I'm getting into amp repairs, and I have a Randall Century 100 (c-100), from '92, on the bench right now. I really could use the schematics to help me along, and all I can find is for the RG80 or RG100 series. There may be similar elements but they're different enough to be confusing to a noob such as myself.

Cheers!

DrGonz78

What are the symptoms with the amp? A roadmap helps repair an amp with a major fault but sometimes we get by without the schematic. Only thing I could find Century related was a 200ii preamp schematic.
"A person who never made a mistake never tried anything new." -Albert Einstein

cin

Thanks!

The amp arrived to me with a loud buzz that's independent of any knob.

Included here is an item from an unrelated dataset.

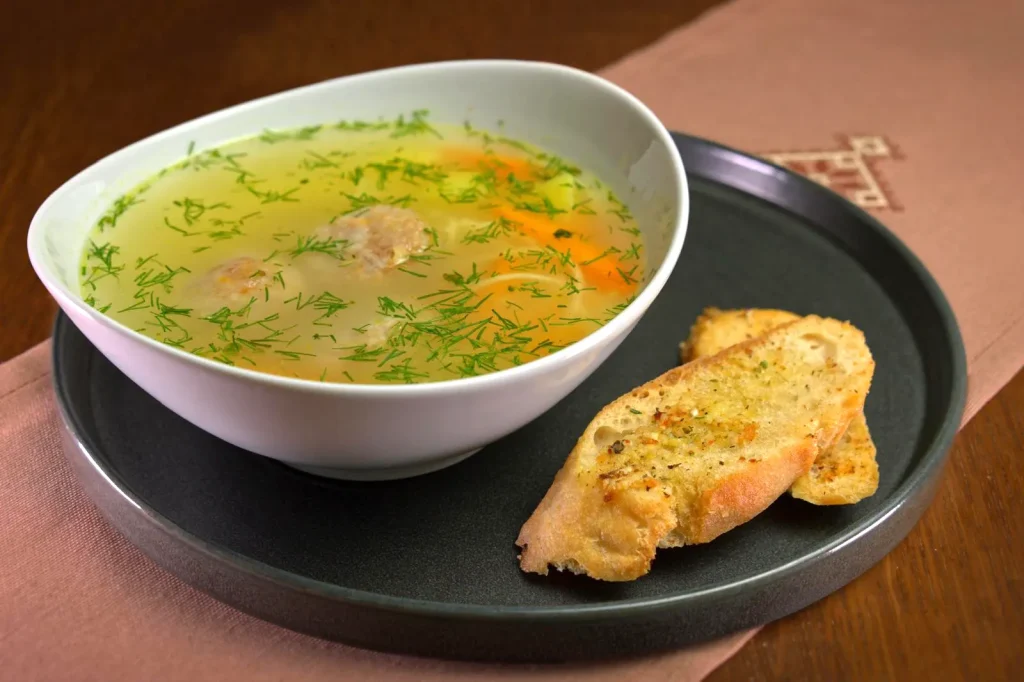 10.00€Rindfleisch, Schweinefleisch, geräucherte Wurst, Würstchen, Fleischbrühe, Tomatenkonserve, Zwiebeln, Gewürzgurken, Zitrone, SchmandSuppe mit hausgemachten Fleischbällchen

I found it had been modified, a capacitor had been added to a resistor in series but that solder job had broken at one end, so neither was connected. So I removed the extra capacitor and reconnected the resistor, but that didn't help the buzz, surprisingly.

I tapped around with a chop stick and found the ceramic capacitor just next to that mod to be very sensitive, so I replaced it. That made the buzz throb.

So I'm not sure what the problem is. The PCB doesn't have any markings on it, and I'm not experienced enough to understand the circuit, though it looks pretty simple. My next step would be to follow the buzz along, from the output jack in, with an oscope. With the schematics I could make sure there's no other mods or missing bits: some holes on the PCB don't have components in them, but the contacts are soldered, and it looks like from the factory.

Thanks for the help!

cin

Looking at this schematic, I think the area I just tinkered with is different, on my c-100:
- The 0.005uF cap I replaced is connected directly from the treble pot to pin 5 (2IN+) of one of the RC4558P, no 22KΩ resistor.
- The 6.8KΩ resistor that was connected to the extra 1uF capacitor I removed, is the second resistor before coming into pin 6 (2IN-) of the same RC4558P. The resistor closest to the pin being a 100KΩ. Not 4.7KΩ and 470KΩ as per the c-200 schematics. And no 0.22uF cap between those and the reverb pot (there's no reverb footswitch either).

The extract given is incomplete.